It’s a very useless thing, to become an immortal god-king of magical lore that nobody knows about.  But some people won’t settle for mere mortality, and so the three brothers bent and twisted and gnawed at the limits of their goal: to live forever and look good doing it. 

“What do people recognize?” pondered the oldest brother.

“It’s you,” said the middle brother.

“’You’ is far too big a concept for day to day business,” snapped the youngest brother.  “It’s your NAME they recognize.  Let’s just excise that.  I’ll get the orichalcum tongs.”
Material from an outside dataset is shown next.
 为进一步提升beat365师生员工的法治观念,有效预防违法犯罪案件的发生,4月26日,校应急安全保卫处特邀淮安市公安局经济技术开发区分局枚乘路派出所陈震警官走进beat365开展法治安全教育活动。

Now, most people would balk a bit at having the first gift anyone ever gave them extracted from their core conceptual being with a pair of spell-scalded metal claws, but that’s why most people aren’t sorcerers.  The profession attracts a certain kind of person, and soon each of the three people of that type present held a softly whispering sphere in palm: their own names. 

“Now throw them away,” bade the youngest brother.  “Throw them away where nobody will ever see them again, ever, no matter how long it takes.  Also, we’re never seeing each other again or this won’t work.  Goodbye.”
“Bye,” said the middle brother.
“See ya,” said the oldest brother.  “Woops.  Forget I said that.”

***

The oldest brother felt sort of stupid, and he despised that.  He brooded over his misstatements and belated realizations all the way home, chewed on them as heavily as he chewed his dinner, brooded on them like a motherly chicken. 
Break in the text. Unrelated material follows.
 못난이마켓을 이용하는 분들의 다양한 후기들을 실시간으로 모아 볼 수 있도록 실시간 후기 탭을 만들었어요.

“I’ll bury it deep,” he decided.  “Where it’ll never come back out.”

So he hiked up the side of Mount Firegut – driving six guides to their deaths in the process – and chucked his name down into its caldera, and went home and raised up a mighty empire with conquering, killing, all that sort of thing. 

Mount Firegut groused and fussed and belched and erupted and subsided and burbled and eventually turned quiescent for good five hundred years later, which was a great boon for the wealthiest merchants of the oldest brother’s empire, who established diamond mines all over it.  Jewels flowed like water, and a particularly large and glowing one was brought to the emperor personally. 

The oldest brother laid eyes on it and immediately recognized it.  And at that moment, so did his entire court.

“Aw FU-” he managed, and then he turned into a dusty skeleton and everyone was quite embarrassed.

***

The middle brother went home by the long route, and he walked by the sea and listened to it rumble and roar.  He climbed the tall hill by his home and watched it go on and on forever. 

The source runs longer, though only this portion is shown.